§ **Your instructions**: The reply must consist of the lines from the first line of the records through the line containing "本站訊(通訊員:王喜樾 攝影", copied exactly, with every picture omitted.

= Beginning of Section =

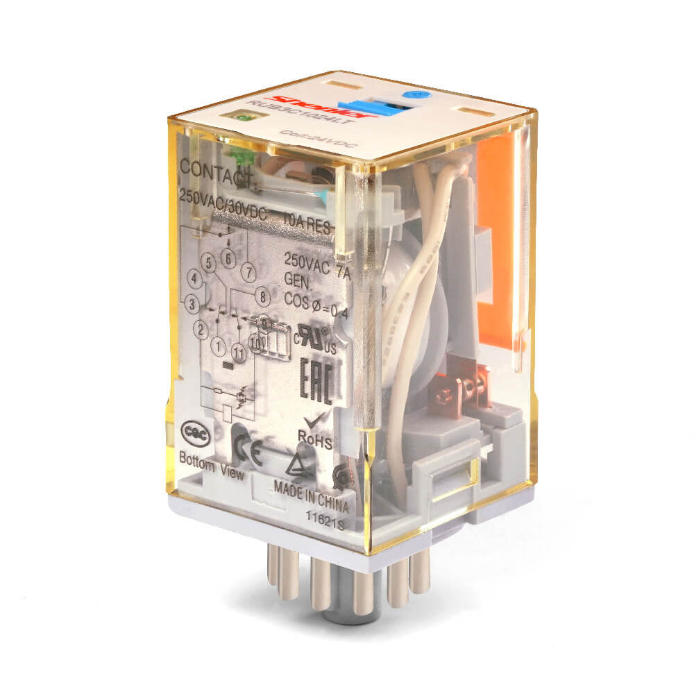 Реле общего назначения, 2 группы переключающих контактов, 12VAC, 10A, светодиодная индикация, тестовая кнопка, для колодок серий: SUB08-E, SUB08-A
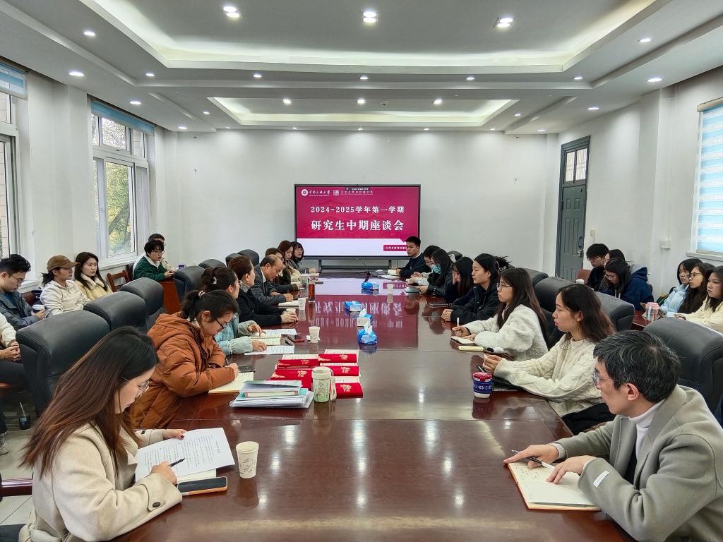 本站訊(通訊員:王喜樾 攝影:王喜樾)12月6日上午,學院在文一樓203會議室舉行2024-2025學年第一學期研究生期中座談會。會議由熊英副院長主持,學院黨委書記謝嵐、院長陶喜紅、輔導員王芳老師、田曼陽老師以及碩博學生干部、研究生會干部、部分研究生代表出席。
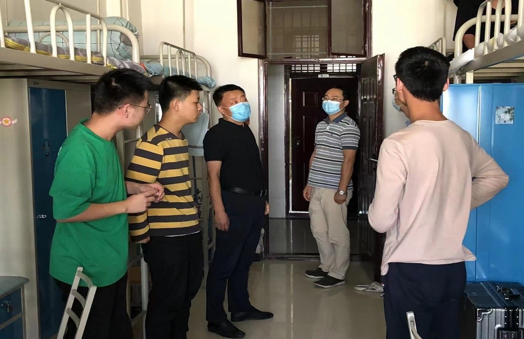 走访过程中,韩伟书记对同学们就疫情管理期间提出了明确的要求:一是要心存敬畏之心,严格遵守学校规章制度,严禁翻院墙、点外卖、夜不归宿等违背疫情防控的行为再次出现,筑牢疫情“防控网”;二是面对网络舆情,要明辨是非、谨言慎行,不信谣、不传谣、不造谣,筑牢思想防线;三是要求学生要逐步提高自理、自立的能力,叮嘱新生们要尽快调整作息,积极调整心态,尽快进入学习状态。
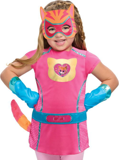 スーパーキティ ジニー スーパードレスアップセット/コスチューム。ジニーのピンク色のコスチューム、キャットマスク、青いグローブ2点、尻尾のセットでスーパーキティに変身! 素材 ポリエステル 100% サイズの目安 4〜6才 正規ライセンス品 Just Play 社製
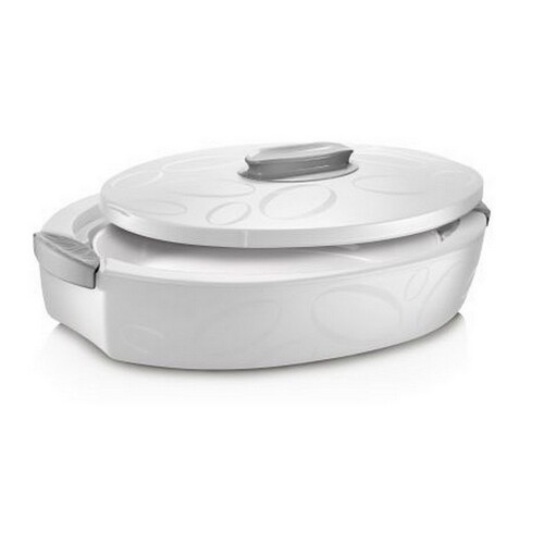 Le corps du porte-plat est composé d'une double paroi et d'une isolation technique indispensable pour le transport, le service hygiènique et les performances thermiques exceptionnelles. Le plat en grès blanc fourni convient aux cuisson au four et au micro-ondes et se cale parfaitement du porte-plat pour un maintien pendant 3 h aussi bien chaud que froid. Les poignées de verrouillage latérales pratiques garantissent que le serveur reste correctement fermé; |
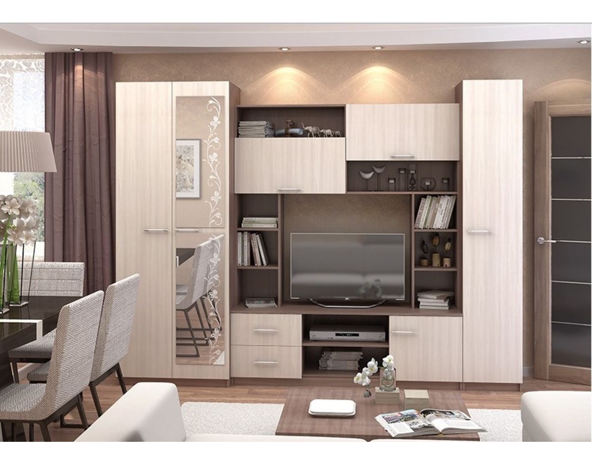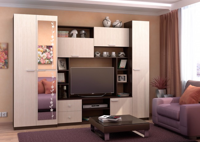 - Прямой набор для гостиной имеет шесть дверей ( пять глухих одну зеркальную )
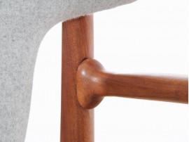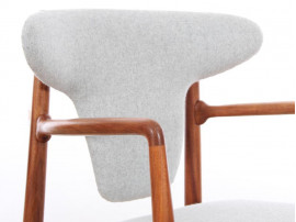 Mid-Century modern arm chair in mahogany, attributed to Kofod Larsen. Newly reupholstered with Kvadrat Divina Melange fabric.
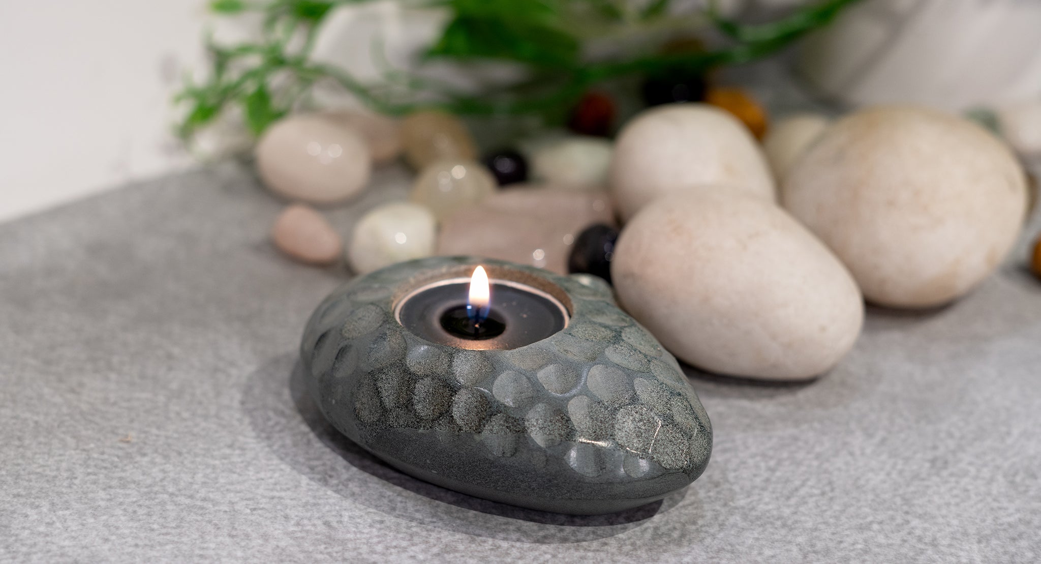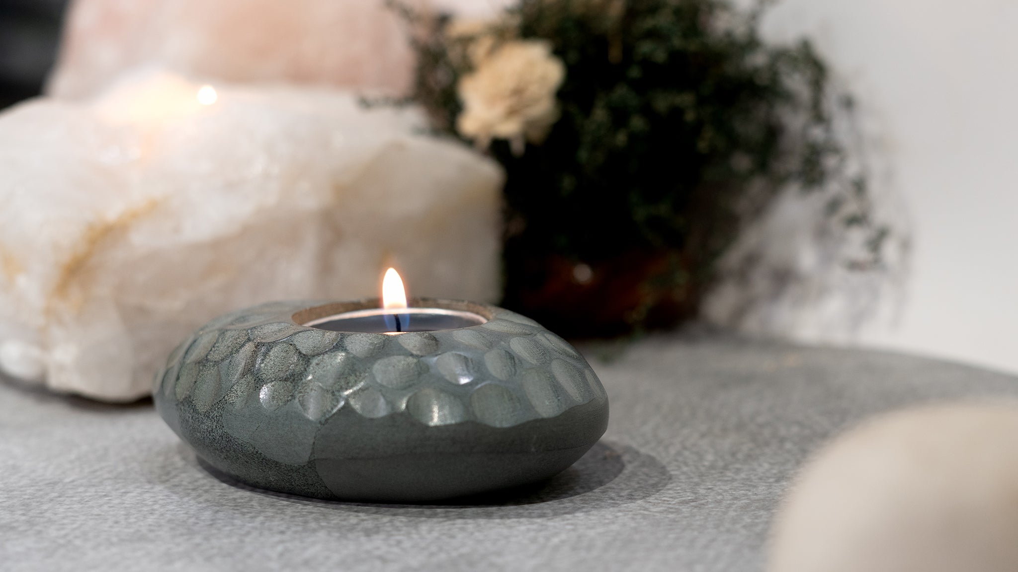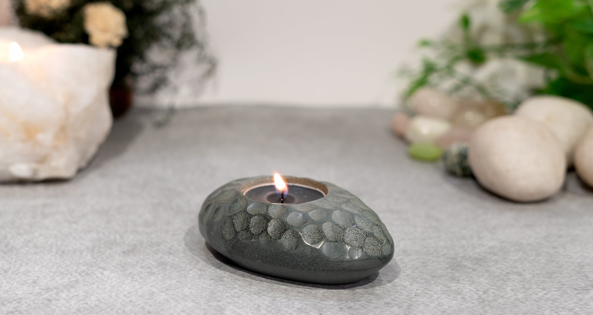 Illuminate your space with the rustic elegance of the Hammered Oval Luminary TeaLight, a handcrafted creation in natural Palewa stone. The textured, hammered design adds depth and character, making it a unique addition to any décor.
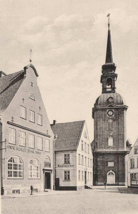 | Nikolai Kirche (ca. 1910) Hier hat sich heute (2004) nicht viel verändert gegenüber dieser Aufnahme. (Foto: Kappeln - Stadtarchiv) |
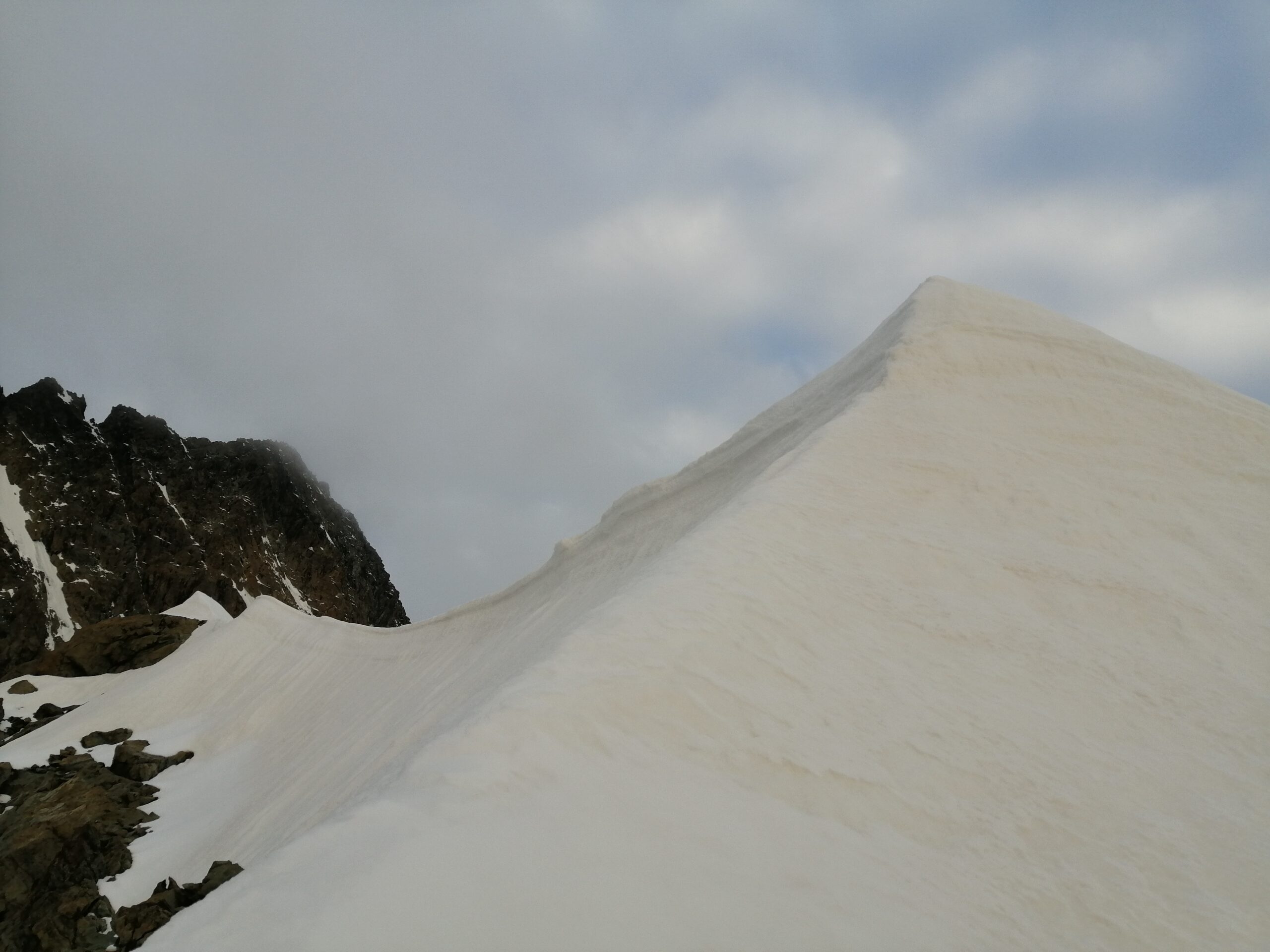 Eravamo 2 cordate e siamo scesi insieme seguendo il ghiacciaio e tenendo la dx, fino a raggiungere ‘il buco’ ovvero il crepaccio terminale (ora quasi completamente chiuso, sembra un buco). Lasciandolo sulla nostra dx, abbiamo traversato sotto la crepaccia verso dx e siamo giunti a un punto in cui c’erano 2 canali: uno, più stretto e ripido, scendeva verso dx (appena sotto le rocce) e l’altro, più largo, proseguiva verso sx. Qui ci siamo divisi e la strada giusta era la loro: bisogna scendere verso sx per poi curvare decisamente a dx più in basso (sotto la bastionata di roccia)… Insomma, fare una S.
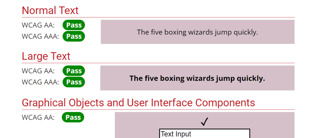 I use a contrast checker to ensure the colors I use meet accessibility standards. See the passing results of the colors displayed on my webpage on the right side of the page.
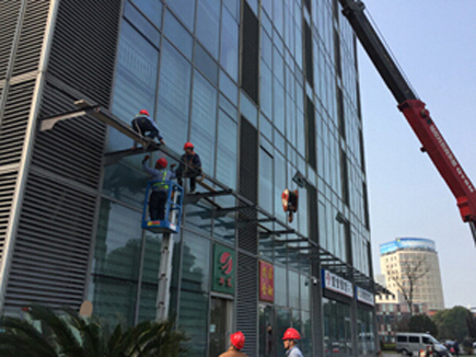 綠地鉑驪酒店幕墻玻璃更換施工現(xiàn)場照。
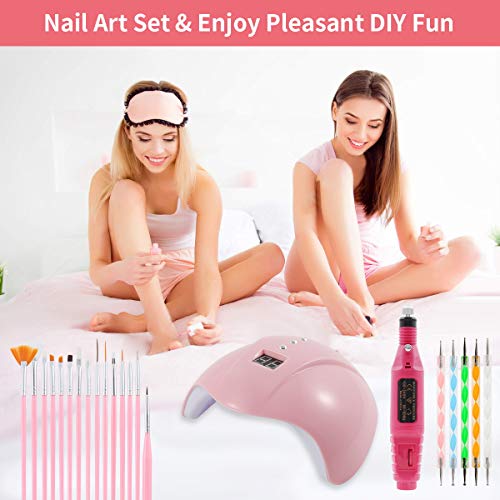【Tragbares Acryl-Nagel-Kit】 Nagel-Kit-Set Professionelles Acryl mit allem, kommt mit UV-Nagellampe, Nagel-Bohrmaschine, 15-teiligen Nagelkunstbürsten, 5-teiligen Stift-Punktierwerkzeugen, 2 Schachteln mit Nagelschmuck-Aufklebern, 10-teiligen Nagelstreifenbändern, Nagel Pufferblock, Zehentrenner, Mini-Nagelfeile, Silikonstift und Klauenbürste. Ein Set enthält alles, um Ihnen mehr Komfort zu bieten.
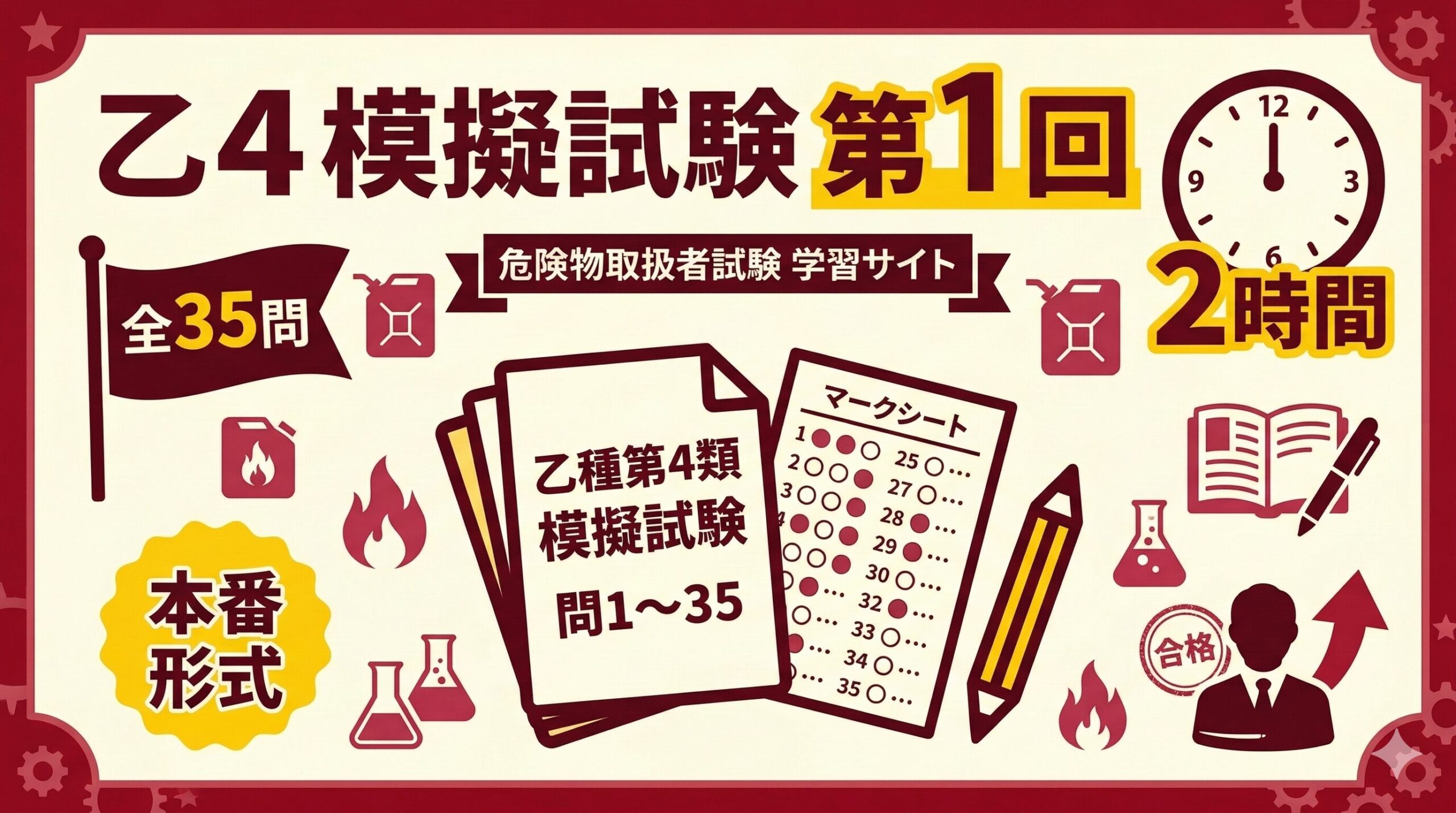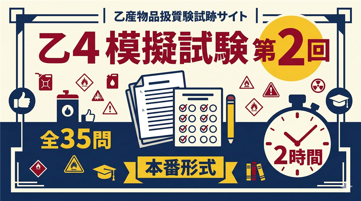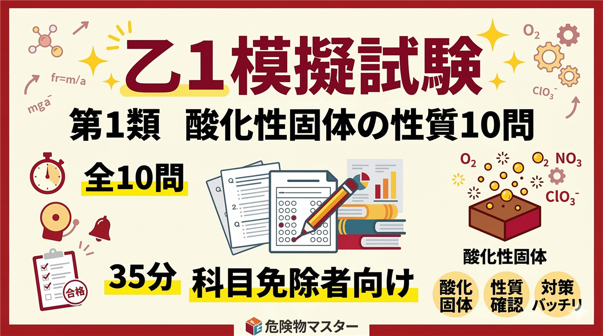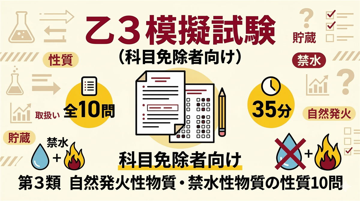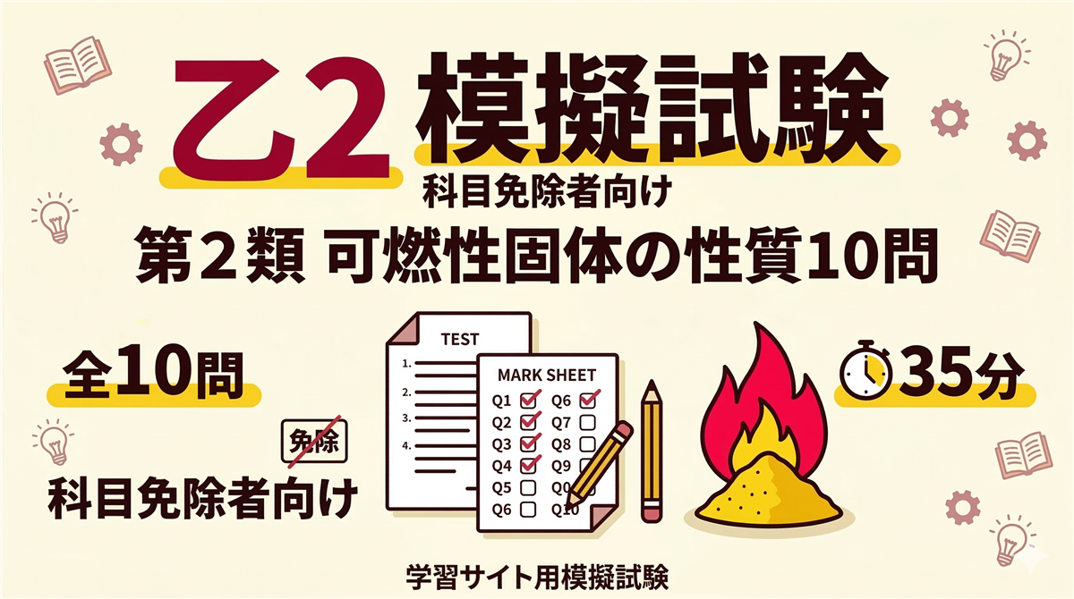 乙3(第3類・自然発火性物質/禁水性物質)模擬試験とは? この模擬試験は、乙種第4類などの免状をお持ちの科目免除者が乙種第3類を受験するための実力チェックテストです。 科目免除により「危険物の性質並びにその火災予防及び消火の方法」の10問のみで合否が決まります。試験時間は35分です。 科目問数合格ライン 危険物の性質並びにその火災予防及び消火の方法10問6問以上正解(60%) 使い方 ① 解答用紙を印刷またはメモを用意する② 35分を計って全10問を解く③ 解答・解説ページで答え合わせをする💡 事前復習に ...

= End of Section =

§ **Response to this exercise**:
 Реле общего назначения, 2 группы переключающих контактов, 12VAC, 10A, светодиодная индикация, тестовая кнопка, для колодок серий: SUB08-E, SUB08-A
 本站訊(通訊員:王喜樾 攝影:王喜樾)12月6日上午,學院在文一樓203會議室舉行2024-2025學年第一學期研究生期中座談會。會議由熊英副院長主持,學院黨委書記謝嵐、院長陶喜紅、輔導員王芳老師、田曼陽老師以及碩博學生干部、研究生會干部、部分研究生代表出席。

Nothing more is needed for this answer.